Real estate sees loss in investor confidence

(SGI) - The real estate market in Vietnam is probably the only market that is operating in moderation and waiting for time to change for the better.
Real estate sees loss in investor confidence

The main reason for this is that cash flow has stopped almost completely due to difficulties with corporate bonds leading to a huge loss in investor confidence.

Recently, the Government and various agencies made an offer of support to revive the real estate market, which is to issue relevant documents and circulars to remove obstacles for many projects that are on hold for a very long period of time. However, the important thing at this time is that real estate businesses must work towards gradual recovery of the real estate market by accepting lower sales and cutting down on many of their losses. Saigon Investment had a talk with Mr. TRẦN KHÁNH QUANG, a financial and real estate expert, to understand many of the factors that are troubling this vital market.

JOURNALIST: - Sir, how has the real estate market changed after Decree 33 and Decree 08 were issued by the Government?

Mr. TRẦN KHÁNH QUANG: - Decrees 08 and Decree 33 have created more vitality and a new wind is blowing for the real estate market. Decree 08 has opened the bonds market and has agreed to extend the maturity period for another two years. Businesses also have the right to change bonds into real estate products. This is an instant solution to support cash flow and financial support for real estate businesses.

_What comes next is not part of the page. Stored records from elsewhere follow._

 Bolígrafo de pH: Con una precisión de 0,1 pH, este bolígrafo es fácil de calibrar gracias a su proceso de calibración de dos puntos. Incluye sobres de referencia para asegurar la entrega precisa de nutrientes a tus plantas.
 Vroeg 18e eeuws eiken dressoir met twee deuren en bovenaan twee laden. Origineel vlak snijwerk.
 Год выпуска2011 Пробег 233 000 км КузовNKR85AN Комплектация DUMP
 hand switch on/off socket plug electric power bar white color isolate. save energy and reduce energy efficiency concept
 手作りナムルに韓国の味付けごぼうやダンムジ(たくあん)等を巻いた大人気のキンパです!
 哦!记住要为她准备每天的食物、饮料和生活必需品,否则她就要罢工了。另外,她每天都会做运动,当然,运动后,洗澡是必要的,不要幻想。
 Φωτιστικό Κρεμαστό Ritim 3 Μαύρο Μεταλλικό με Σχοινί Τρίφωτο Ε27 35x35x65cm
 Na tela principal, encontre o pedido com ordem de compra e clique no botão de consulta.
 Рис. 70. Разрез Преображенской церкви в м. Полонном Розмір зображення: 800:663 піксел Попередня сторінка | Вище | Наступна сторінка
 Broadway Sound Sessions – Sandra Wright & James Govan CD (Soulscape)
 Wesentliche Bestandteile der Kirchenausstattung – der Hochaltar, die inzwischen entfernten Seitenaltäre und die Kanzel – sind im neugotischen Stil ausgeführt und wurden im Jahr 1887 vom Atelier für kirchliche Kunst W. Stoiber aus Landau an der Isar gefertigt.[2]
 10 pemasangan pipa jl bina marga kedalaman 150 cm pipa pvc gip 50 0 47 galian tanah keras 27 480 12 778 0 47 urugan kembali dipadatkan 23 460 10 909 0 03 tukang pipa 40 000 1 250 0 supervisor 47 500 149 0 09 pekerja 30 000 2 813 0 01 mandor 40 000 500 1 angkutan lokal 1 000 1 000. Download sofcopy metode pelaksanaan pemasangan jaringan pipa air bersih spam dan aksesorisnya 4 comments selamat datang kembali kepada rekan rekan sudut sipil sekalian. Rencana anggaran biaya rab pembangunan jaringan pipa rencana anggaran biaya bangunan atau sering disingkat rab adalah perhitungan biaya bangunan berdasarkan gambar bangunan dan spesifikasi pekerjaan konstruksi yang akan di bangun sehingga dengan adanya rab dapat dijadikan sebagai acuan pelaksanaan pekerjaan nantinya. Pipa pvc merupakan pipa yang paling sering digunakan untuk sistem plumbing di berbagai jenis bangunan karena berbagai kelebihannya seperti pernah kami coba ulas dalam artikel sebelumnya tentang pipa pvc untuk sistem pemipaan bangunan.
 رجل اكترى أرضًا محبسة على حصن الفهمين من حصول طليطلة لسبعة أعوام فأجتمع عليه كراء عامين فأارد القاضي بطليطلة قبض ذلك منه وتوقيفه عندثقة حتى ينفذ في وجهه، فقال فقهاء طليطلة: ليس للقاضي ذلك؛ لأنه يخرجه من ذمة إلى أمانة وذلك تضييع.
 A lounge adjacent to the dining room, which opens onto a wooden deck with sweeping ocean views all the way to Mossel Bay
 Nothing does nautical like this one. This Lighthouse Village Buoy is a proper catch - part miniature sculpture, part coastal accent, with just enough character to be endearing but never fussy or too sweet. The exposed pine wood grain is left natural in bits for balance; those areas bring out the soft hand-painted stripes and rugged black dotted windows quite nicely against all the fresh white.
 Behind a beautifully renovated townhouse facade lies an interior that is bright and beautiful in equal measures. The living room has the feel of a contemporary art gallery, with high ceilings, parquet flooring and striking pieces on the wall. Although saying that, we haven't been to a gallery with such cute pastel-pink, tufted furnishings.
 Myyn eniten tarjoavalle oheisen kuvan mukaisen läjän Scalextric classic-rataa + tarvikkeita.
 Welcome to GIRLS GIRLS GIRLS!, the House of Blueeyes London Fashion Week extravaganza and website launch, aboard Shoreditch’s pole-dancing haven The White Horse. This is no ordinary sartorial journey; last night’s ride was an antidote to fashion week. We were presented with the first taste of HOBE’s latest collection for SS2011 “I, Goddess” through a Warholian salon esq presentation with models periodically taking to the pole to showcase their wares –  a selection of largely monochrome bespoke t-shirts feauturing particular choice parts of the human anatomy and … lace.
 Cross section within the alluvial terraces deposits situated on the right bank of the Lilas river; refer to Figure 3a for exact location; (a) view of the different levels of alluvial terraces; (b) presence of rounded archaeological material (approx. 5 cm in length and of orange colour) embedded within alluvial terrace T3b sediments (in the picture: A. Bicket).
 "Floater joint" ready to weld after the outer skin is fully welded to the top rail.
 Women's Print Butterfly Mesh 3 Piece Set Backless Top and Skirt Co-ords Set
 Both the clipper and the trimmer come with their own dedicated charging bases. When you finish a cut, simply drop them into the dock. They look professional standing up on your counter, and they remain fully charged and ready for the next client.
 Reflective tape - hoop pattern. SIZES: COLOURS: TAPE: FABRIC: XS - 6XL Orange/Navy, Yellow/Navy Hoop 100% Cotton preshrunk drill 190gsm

Decree 33 also sends a strong message. First, local governments must quickly remove the laws that are holding back projects so as to clear unqualified inventories. Second, there is a need to build a package of VND 120,000 bln for social housing development to balance supply and demand in the market because the difference in demand between high-end products and low-priced housing is very large. Third, we need to propose to banks to extend debts for real estate enterprises that are facing difficulties. Therefore, it is only a matter of time before these solutions start to affect the market.

- Sir, in your opinion should real estate businesses immediately think about reducing prices to create liquidity as well as save themselves? Same as when businesses fell by 30 percent to 40 percent during the recession crisis in 2008.

- In 2008, enterprises were in an extremely difficult situation, and in order to save themselves, many businesses had to transform themselves and offer a strong discount policy, even down to 50 percent to stimulate market demand and create cash flow to continue operating. I think the present time will be a repeat of that period again. Because the Government support solutions are only external, internal resources must come from the efforts of real estate enterprises, which means financial restructuring, especially selling price restructuring to create the best cash flow.

This does not require profit to continue operating. In fact, since the end of 2022, some businesses have reduced prices by 30 percent to even 50 percent on consumer products. This is continuing to happen in some real estate enterprises that are offering a 10 percent to 20 percent discount. According to my observation, currently, 80 percent to 90 percent of real estate businesses are implementing discount policies in several different forms, through direct discount policies, promotions, discounts, and gifts.

- Sir, as you said, when real estate prices drop by 20 percent or even 30 percent it stimulates demand as well as frees up the cash flow. So, if the rate is reduced by 20 percent or even 30 percent, will real estate businesses see more profit or more loss?

- This is a difficult question. In fact, if you reduce by 20 percent or even 30 percent, there will be two problems created. First, this will reduce financial problems and ensure cash flow continuity for operating. Two, it will reduce profit not losses. In my opinion, for land fund projects formed three years ago, the possibility of reducing by 20 percent or even 30 percent is still profitable for land fund projects started one or two years ago. At that time, the cost was very high, and the reduction of about 15 percent or 20 percent for enterprises broke even. Thus, enterprises must make their own choice to ensure survival in the market.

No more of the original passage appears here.